* _PROBLEM TO WORK ON_
Skip every picture and copy only the lines from the one containing "Glücklicherweise zog sich" to the final line of the records below.

* _RECORDS FOR THIS TASK_

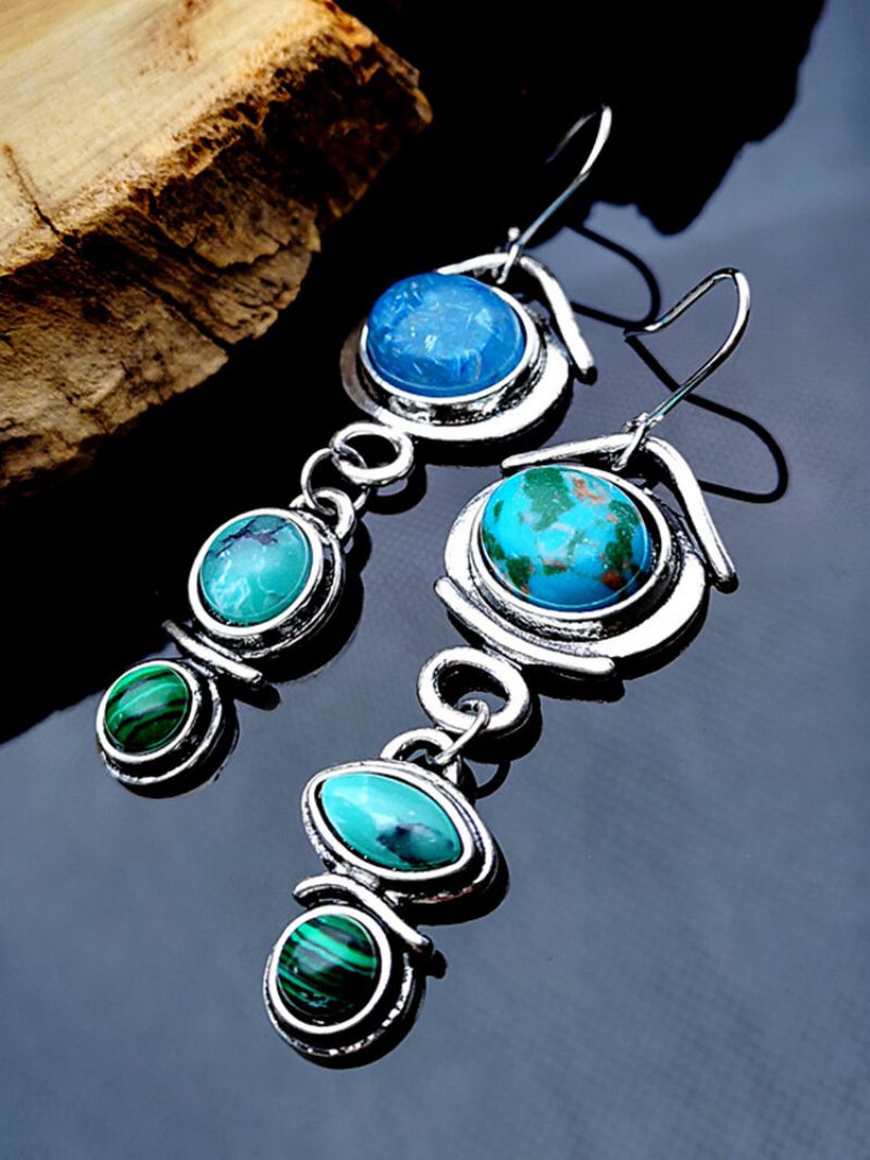 Vintage Drop Shape Kvinner Øredobber Asymmetrisk Turkis Anheng
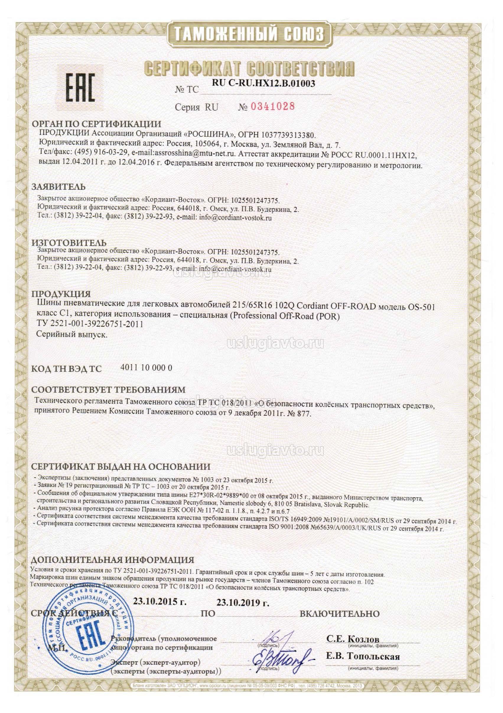 Сертификат № ТС RU C-RU.HX12.В.01003 на продукцию "Шины пневматические для легковых автомобилей 215/65R16, изготовителя Закрытое акционерное общество «Кордиант-Восток», серийный выпуск.
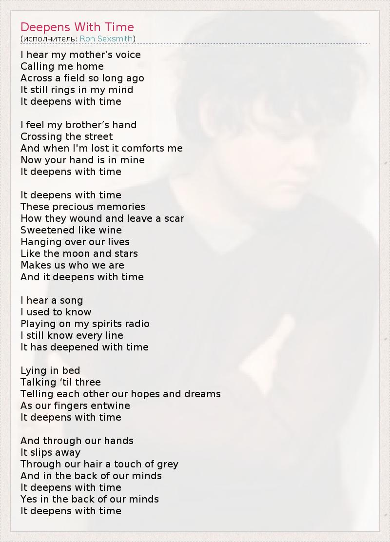А как ты думаешь, о чем песня "Deepens With Time" ?
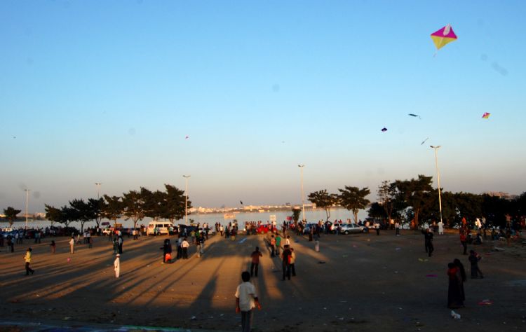 Families enjoy the Sankranti holiday by flying kites at Necklace Road in Hyderabad. INN Photos
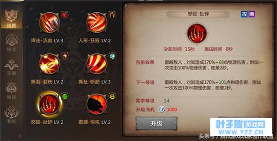 怒殴-扯碎:这个技能不仅是强力的攻击技能,还能眩晕目标2秒!
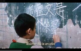 苏老师恰好就是小勇的语文老师,这天小勇上课捉弄同学,被苏老师罚站。放学后,小勇在一面墙上狠狠地划下几个大字:苏××是个×××。
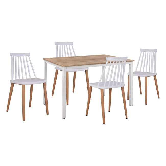 КОМПЛЕКТЪТ ВКЛЮЧВА Атрактивна модерна маса с бяла метална основа и мдф повърхност сонама. Размери: 110x70x76H см. Дебелина на повърхността: 1,5 см. Четири стола с бели полипропиленови седалки и метални крака с ефект на естествено дърво. Размери: 43х46,5х82см. Височина на седалката: 48см. Размери на седалката: 38х37 см.
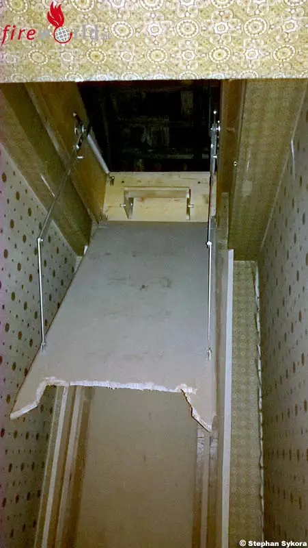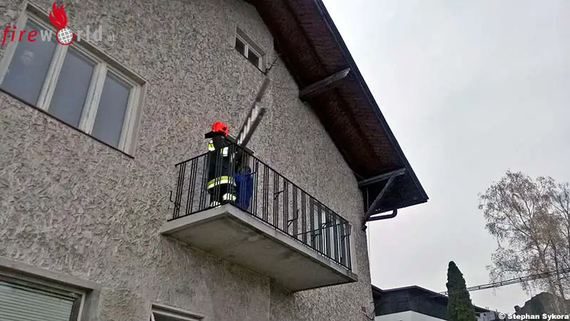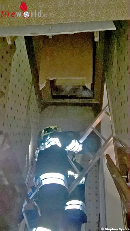 Glücklicherweise zog sich diese Person dabei nur leichte Verletzungen zu. Da die Person am Dachboden wegen der kaputten Leiter keine Möglichkeit mehr hatte, diesen zu verlassen, setzte die Maklerin den Feuerwehr-Notruf in der BAZ Baden ab, woraufhin die FF St. Veit/Tr. alarmiert wurde. Auf Grund der engen Platzverhältnisse im Gang und im Stiegenhaus wurde die zweiteilige Steckleiter über den Balkon ins Obergeschoß vorgetragen und anschließend beim Dachbodeneinstieg in Stellung gebracht um so der Person das sichere Verlassen des Dachbodens zu ermöglichen.
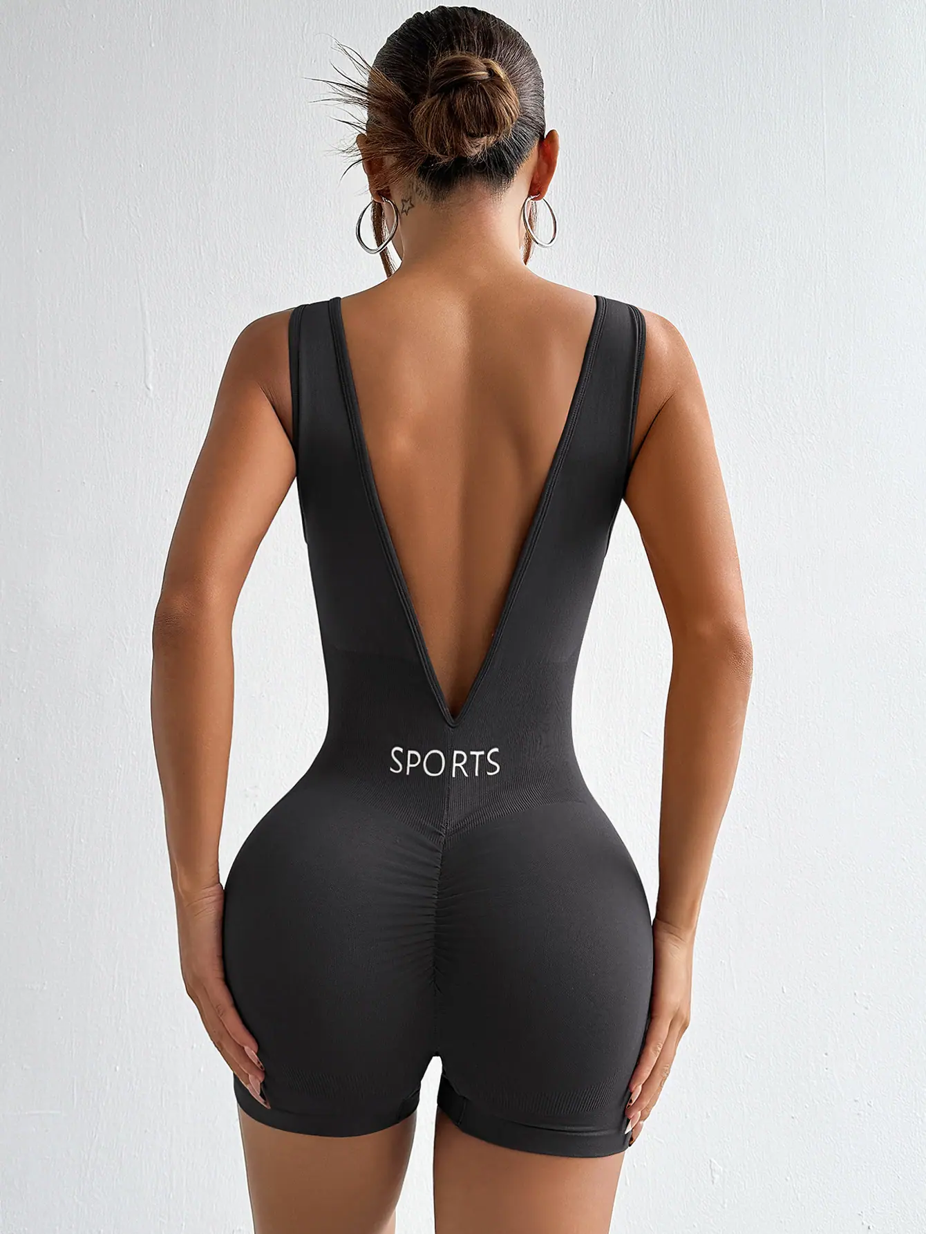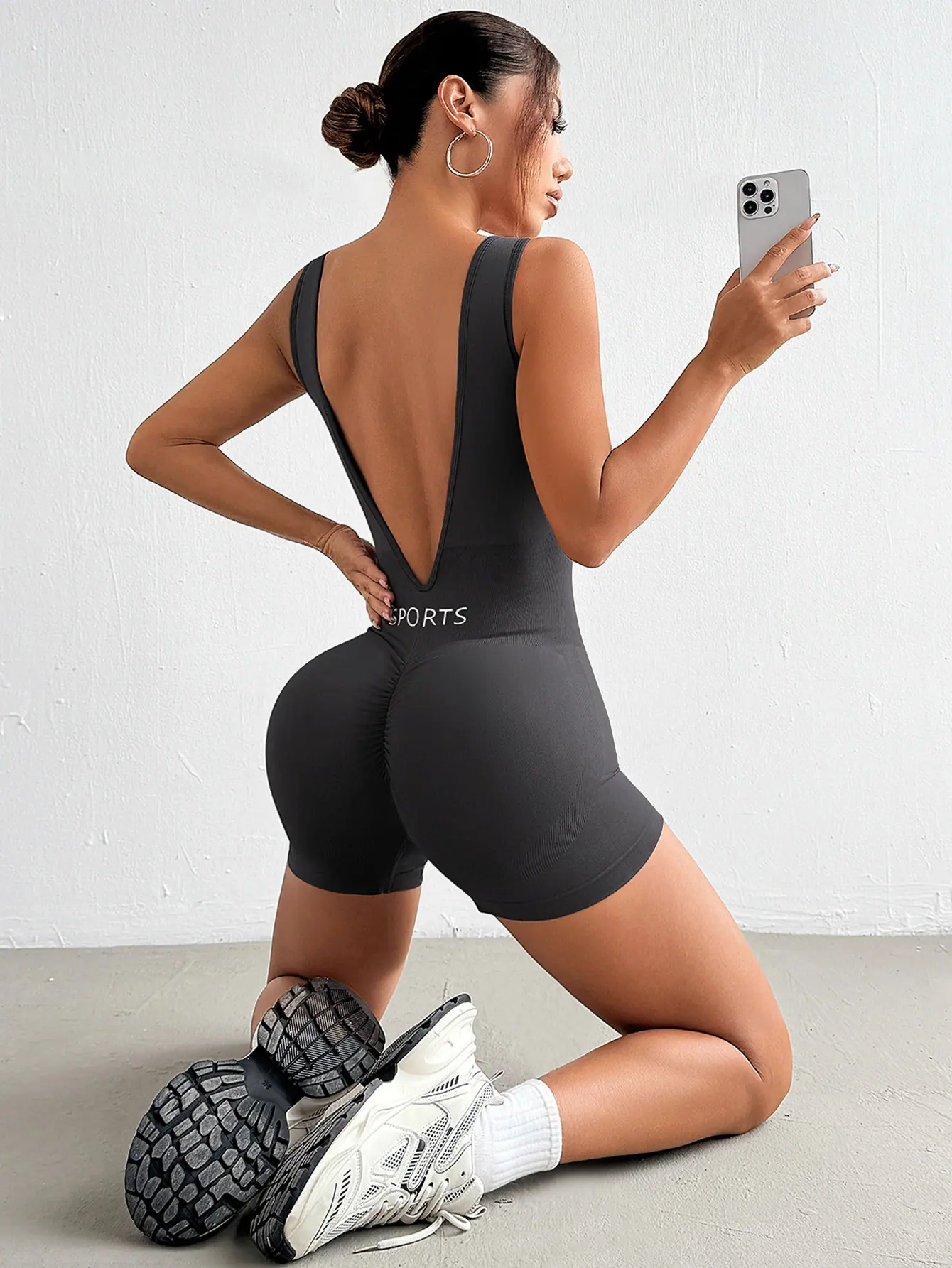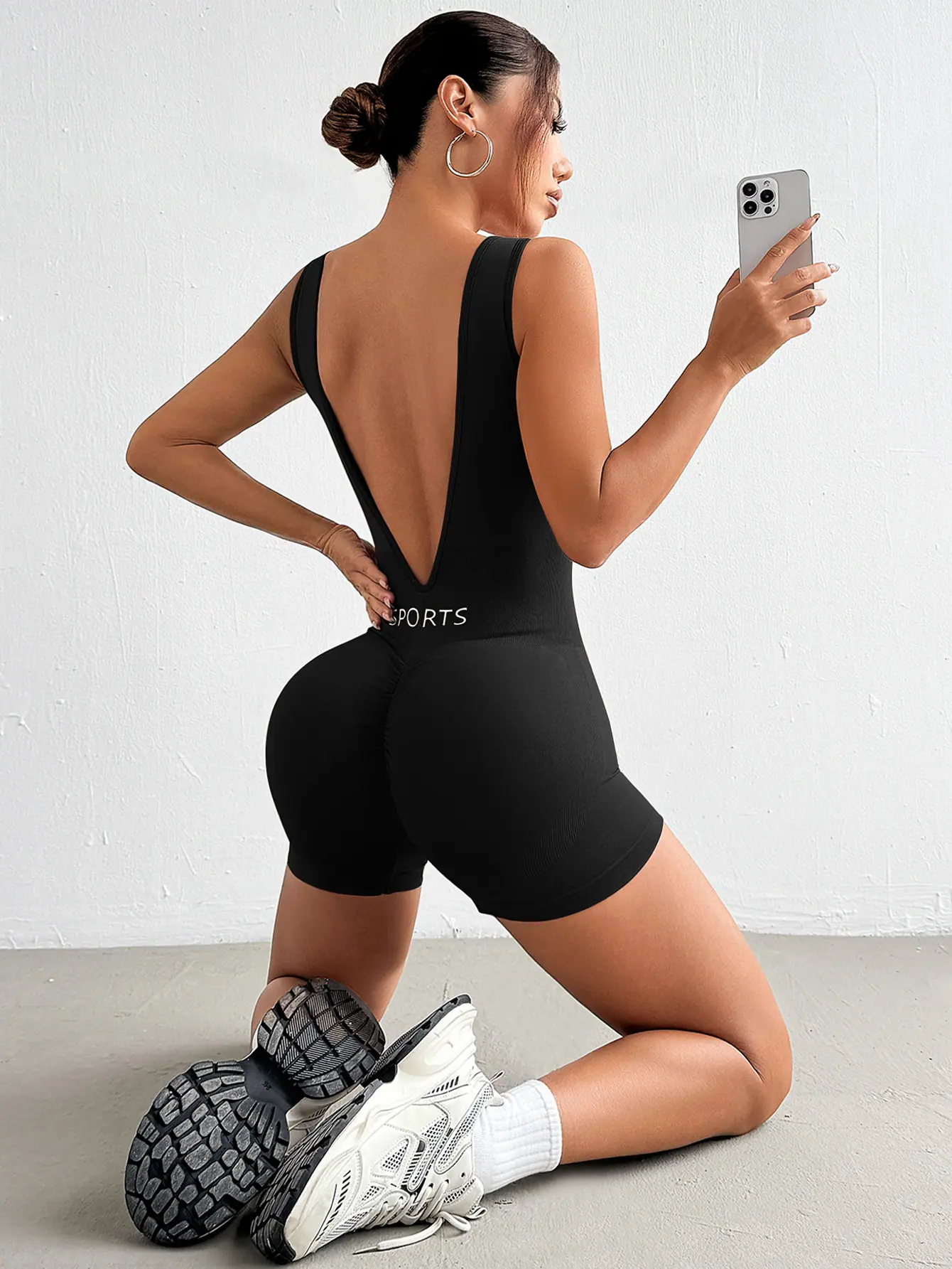 Traje de yoga sin costuras europeo y americano transfronterizo para mujer, sensación nude, ajustado, hermoso mono de espalda, alta elasticidad, levanta glúteos, traje de fitness de una pieza

* _ANSWER SPACE_
 Glücklicherweise zog sich diese Person dabei nur leichte Verletzungen zu. Da die Person am Dachboden wegen der kaputten Leiter keine Möglichkeit mehr hatte, diesen zu verlassen, setzte die Maklerin den Feuerwehr-Notruf in der BAZ Baden ab, woraufhin die FF St. Veit/Tr. alarmiert wurde. Auf Grund der engen Platzverhältnisse im Gang und im Stiegenhaus wurde die zweiteilige Steckleiter über den Balkon ins Obergeschoß vorgetragen und anschließend beim Dachbodeneinstieg in Stellung gebracht um so der Person das sichere Verlassen des Dachbodens zu ermöglichen.
 Traje de yoga sin costuras europeo y americano transfronterizo para mujer, sensación nude, ajustado, hermoso mono de espalda, alta elasticidad, levanta glúteos, traje de fitness de una pieza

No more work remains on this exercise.